The major U.S. index futures are pointing to a higher open on Wednesday with the tech-heavy Nasdaq potentially reaching another new record high.

While the Dow futures are pointing to a slightly higher open, rising by just 30 points, the Nasdaq futures are up by 79 points.

The Nasdaq may continue to benefit from gains by big-name tech companies such as Apple (AAPL), Amazon (AMZN), Facebook (FB) and Google parent Alphabet (GOOGL), which are all moving higher in pre-market trading.

Early trading activity may be somewhat subdued, however, as traders look ahead to the Federal Reserve's monetary policy announcement this afternoon.

The Fed is widely expected to leave interest rates and policy unchanged, but traders will pay close attention to the accompanying statement for clues about future policy changes.

Some investors are hoping the Fed will provide more clarity about the unlimited bond purchasing programs announced in March.

The central bank is also due to provide its first economic projections since the coronavirus crisis began, which could impact traders' generally optimistic outlook for a quick economic recovery.

After moving significantly higher over the past several sessions, stocks gave back some ground during trading on Tuesday, although strength among technology stocks lifted the tech-heavy Nasdaq to a new record high.

The Nasdaq pulled back off its best levels after topping 10,000 for the first time but still closed up 29.01 points or 0.3 percent at 9,953.75. Meanwhile, the Dow slumped 300.14 points or 1.1 percent to 27,272.30 and the S&P 500 slid 25.21 points or 0.8 percent at 3,207.18.

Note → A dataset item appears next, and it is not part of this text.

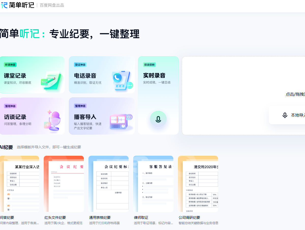 简单听记AI是百度网盘推出的一款集语音转文字技术与AI智能优化功能于一体的综合性产品与服务,以下是关于简单听记AI的详细介绍:

The weakness on Wall Street partly reflected profit taking, as traders cashed in on the strong gains posted in recent sessions.

Selling pressure was somewhat subdued, however, with stocks holding on to the bulk of their recent gains as traders generally remain optimistic about a quick economic recovery.

Traders also seemed reluctant to make more significant moves ahead of the Federal Reserve's monetary policy announcement on Wednesday.

The Fed is not expected to announce any significant policy changes, although traders are still likely to pay close attention to the central bank's assessment of the economic outlook.

Energy stocks turned in some of the market's worst performances after helping to lead the way higher in recent sessions. The pullback came despite an increase by the price of crude oil.

Reflecting the weakness in the energy sector, the Philadelphia Oil Service Index plunged by 7.4 percent, the NYSE Arca Natural Gas Index plummeted by 5.5 percent and the NYSE Arca Oil Index tumbled by 4.1 percent.

Significant weakness was also visible among banking stocks, as reflected by the 2.3 percent slump by the KBW Bank Index. The index gave back ground after ending the previous session at a three-month closing high.

Tobacco, transportation and steel stocks also saw considerable weakness on the day, while gold and retail stocks moved to the upside.

Commodity, Currency Markets

Crude oil futures are sliding $0.65 to $38.29 a barrel after climbing $0.75 to $38.94 a barrel on Tuesday. Meanwhile, an ounce of gold is trading at $1,729.90, up $8 compared to the previous session's close of $1,721.90. On Tuesday, gold jumped $16.80.

On the currency front, the U.S. dollar is trading at 107.36 yen compared to the 107.76 yen it fetched at the close of New York trading on Tuesday. Against the euro, the dollar is trading at $1.1369 compared to yesterday's $1.1340.


Asian stocks ended mixed on Wednesday as investor attention turned to the U.S. Federal Reserve announcement later today.

The Fed is not expected to announce any significant policy changes, but investors will still pay close attention to the central bank's assessment of the economic outlook.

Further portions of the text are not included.